• [Data to examine]

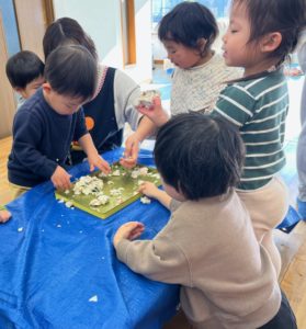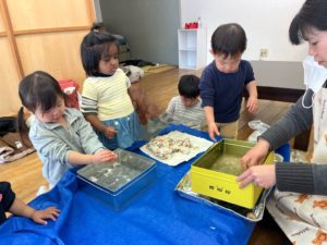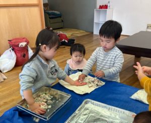 糊の量がちょーっと足りず思いのほか粘りは出ませんでしたがあまり味わったことのない感触を楽しみながら、手で握ったり固めたり塊を重ねたりして楽しんでいました!
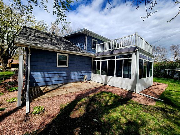 Nestled in a quiet neighborhood on a street ending with a cul-de-sac, you'll find this charming home. This property has only had one owner and has so much to much to offer the next one. For starters, it has all the amenities, including laundry, on the main floor. The common areas are spacious and ideal for hosting family and friends. The main floor has 2 bedrooms and 2 bathrooms, one of which has a newer walk-in shower. The upper level is complete with 2 more bedrooms and another 3/4 bathroom. In addition there is a storage room that leads to an unfinished space above the garage. In the lower level, you will find a family/rec room, flex room and lots of room for storage. You're sure to appreciate the open front porch with recessed lighting, 3 season sunroom with balcony above along with a storage shed. The site is large (almost 1/2 acre) and has mature trees and a perennial flower garden. Lots to see here, so don't delay, schedule your showing today!
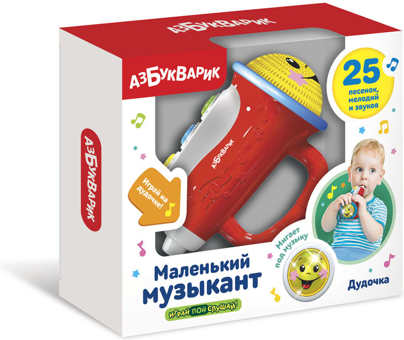 💳 Оплатить за товар можно при получении 🇰🇿 Есть бесплатная доставка по Казахстану от 1 дня 🎁 Копите бонусы с каждой покупки Серия: Маленький музыкант Яркая игрушечная дудочка подарит малышу отличное настроение и поможет ему раскрыть музыкальный талант! Нажимай на кнопочки — слушай 25 песенок, мелодий и звуков ( «Раным-рано поутру», «Сидит ворон на дубу», «Я на горку шла», «Танец зверят», «Каравай», «Как у нашего кота», «Ладушки», «Тень-тень, потетень» и др.). Во время звучания песенок и мелодий мигает огонек. А еще можно поиграть на дудочке под музыку (для этого нужно просто подудеть). Получится настоящий концерт! |
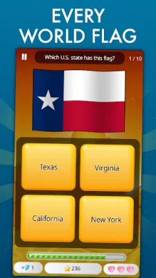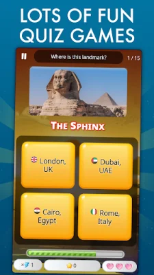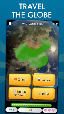 Explore the world through play with various quiz modes covering topics such as world capitals, countries, flags, landmarks, currencies, and regions. You can choose to play short quizzes to sharpen your skills or take on harder challenges to master world geography.
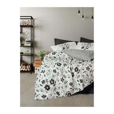 Parure de lit - 129CTN64831 - 1 housse de couette 220 x 240 cm + 2 taies d'oreiller 60 x 60 cm - 100% coton ranforcé - Noir
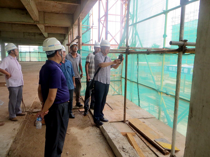 段益慶一行察看了施工現(xiàn)場,聽取了項目建設(shè)過程中的安全管理、文明施工、模板支架、物料提升機、施工用電等方面的安全檢查匯報,了解了項目安全生產(chǎn)基礎(chǔ)工作,并對項目在樓層臨邊防護、物料提升機防護設(shè)置等方面給予了意見及建議。段益慶對項目安全生產(chǎn)工作給予了充分肯定,并強調(diào),該項目屬于境外工程,更要加強安全生產(chǎn)管理工作,整體提高安全生產(chǎn)意識,充分認識安全生產(chǎn)工作的重要性,保證項目的順利施工。
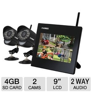 Lorex LW2912 Wireless Video Monitoring System - 9" LCD Monitor, 2 Cameras, 2-Way Audio, 4GB SD Card view
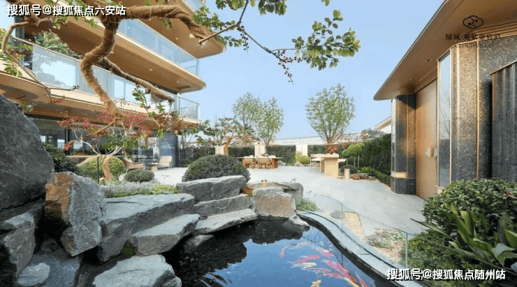 约3200㎡的下沉式会所中,约350年树龄的紫薇老桩静立其间,无声地标注着这座园区的品质高度。
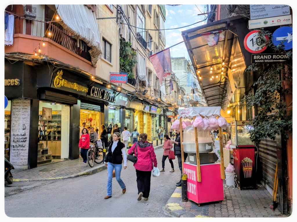 Beirut, Achrafiyeh. Fühlt sich wie in Europa an: Boutiquen, edle Restaurants, Hipster-Cafés, Street Art. Am Abend verwandelt sich die Hauptstrasse in eine Partymeile.Beirut, Stadtzentrum. Die Place de l’Etoile war bei meinem ersten Besuch vor 21 Jahren Zentrum des pulsierenden Stadtlebens (das jetzt in Achrafiye pulsiert). Heute ist der Platz verwaist, in der ganzen Zone gibt es nur zwei offene Cafés. Nach den Protesten 2020 war das Stadtzentrum jahrelang abgesperrt. Jetzt ist es wieder offen, aber niemand geht hin.Beirut, Bachoura. Wenige hundert Meter von den Malls im Stadtzentrum wirkt dieses schiitische Viertel fast wie eine Konfliktzone mit Hisbollah-Flaggen, Märtyrer-Plakaten und aufgehängten Slogans.
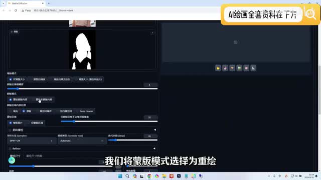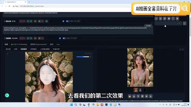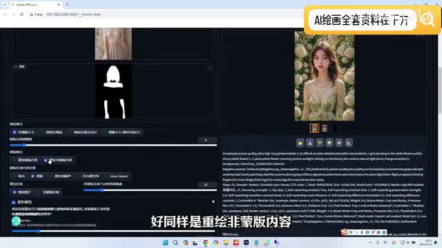 呃,同时的话其中增加了一个花朵主题的loa。反向题词的话呢我们选择一些常用的反向提示词。呃,如果没有好的题词的小伙伴,可以在评论区当中留言来进行获取。好,接下来的话呢我们检查一下先生参数,我们将门板模式选择为重绘非门板内容,同时我们开启柔和重绘。采样方式的话呢,我们选择最新的run style采样,同时我们的采样步数我们调整到二十步左右即可。
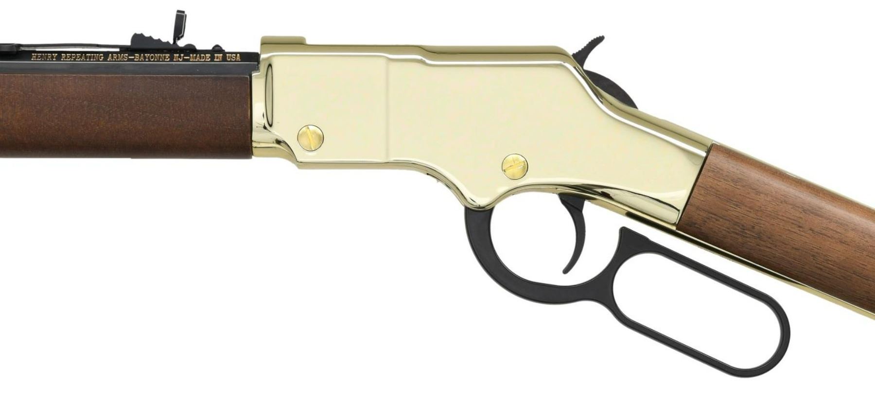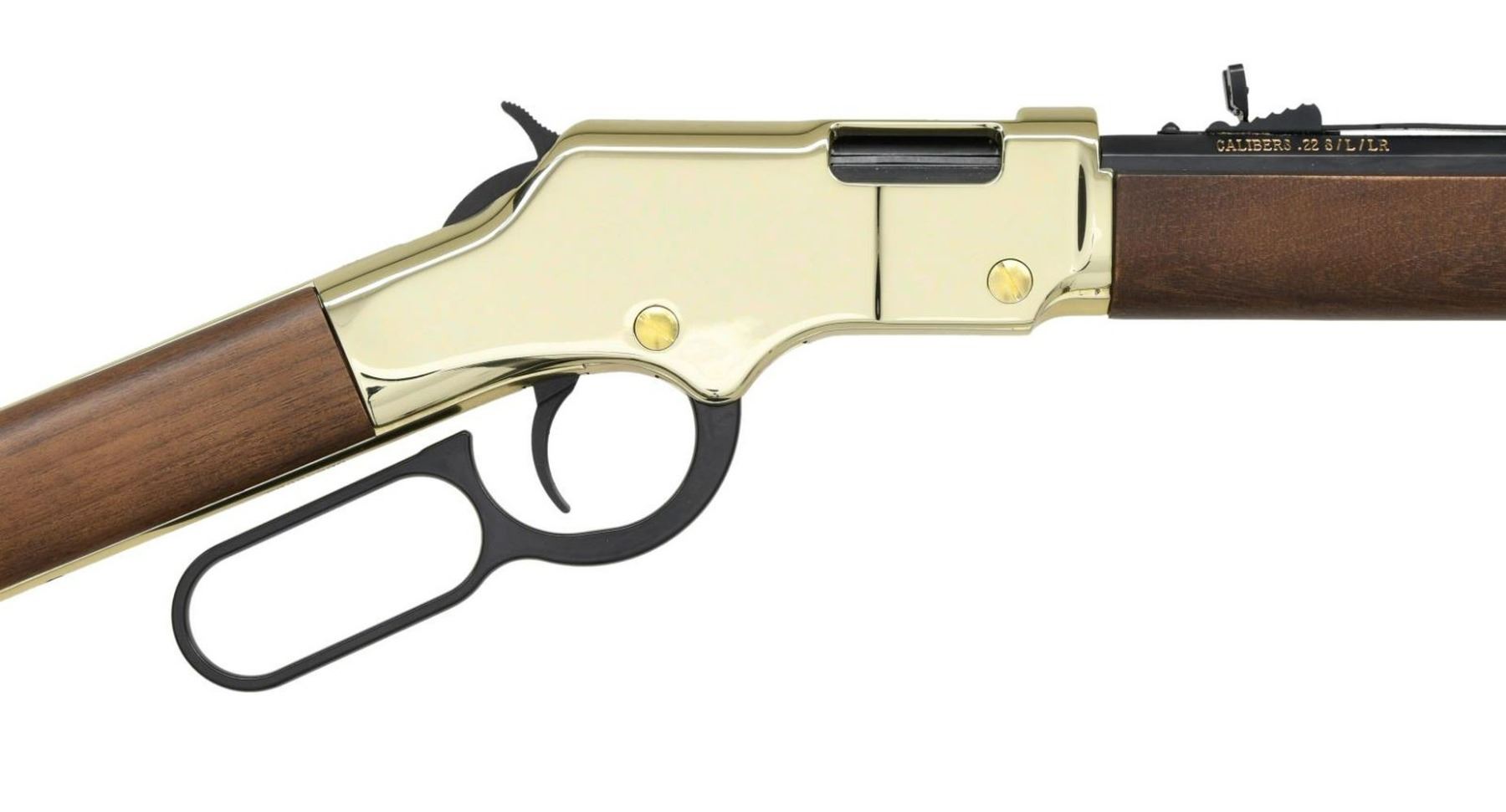 ACTION RIFLE WITH MATCHING FACTORY BOX. Cal. 22 S, L, LR. S# GB839053. Bbl. 20". Model H004 "Golden Boy" lever action rifle mfg. by Henry Repeating Arms. Left side of the octagonal bbl. is marked with Henry's mfg. information, with the cal. designation on the right. Brass plated receiver, bbl., and buttplate, with blued bbl. & mag. tube. Black anodized aluminum lever. Plain wood straight grip buttstock & forend. Brass beaded blade front sight with U-notch rear sight. UNATTACHED ACCESSORIES: matching factory box. CONDITION: near new, with metal components retaining virtually all of their original factory finishes overall. Mirror bore, exhibiting well defined rifling throughout. Wood furniture is excellent overall. Box shows some mild wear and some tearing from handling & storage, but otherwise remains sturdy & serviceable. PROVENANCE: the Collection of Gun Sport Ltd owned by Jon R. Thomas. (23-3190/MLW). MODERN. $300-500.
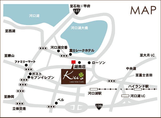 電車:富士急河口湖線河口湖駅より徒歩10分
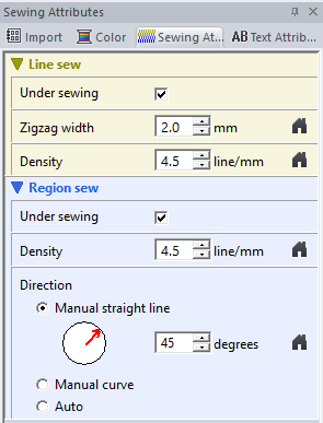 In this section we can change some attributes of the stitches such as density, width, and direction. For different fill types, there may be slightly different options in this section.
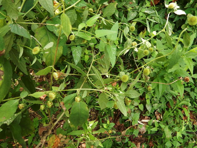 コヤブタバコ 株全体を下から持ち上げると頭花が見える
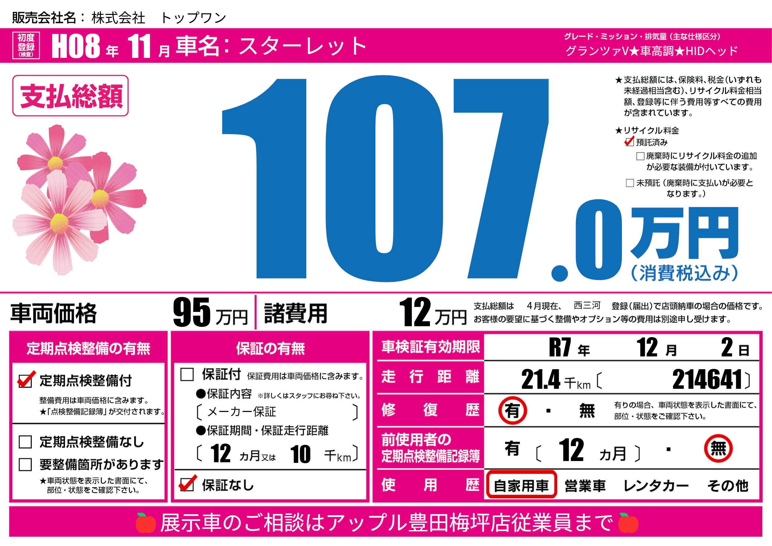 | 車名 | スターレット | グレード ミッション 排気量 |

• [What you are asked to do] Pictures in the material above should be skipped; print exactly the lines from the one with "Explore the world" through the one with "Parure de lit".

• [Problem solution]
 Explore the world through play with various quiz modes covering topics such as world capitals, countries, flags, landmarks, currencies, and regions. You can choose to play short quizzes to sharpen your skills or take on harder challenges to master world geography.
 Parure de lit - 129CTN64831 - 1 housse de couette 220 x 240 cm + 2 taies d'oreiller 60 x 60 cm - 100% coton ranforcé - Noir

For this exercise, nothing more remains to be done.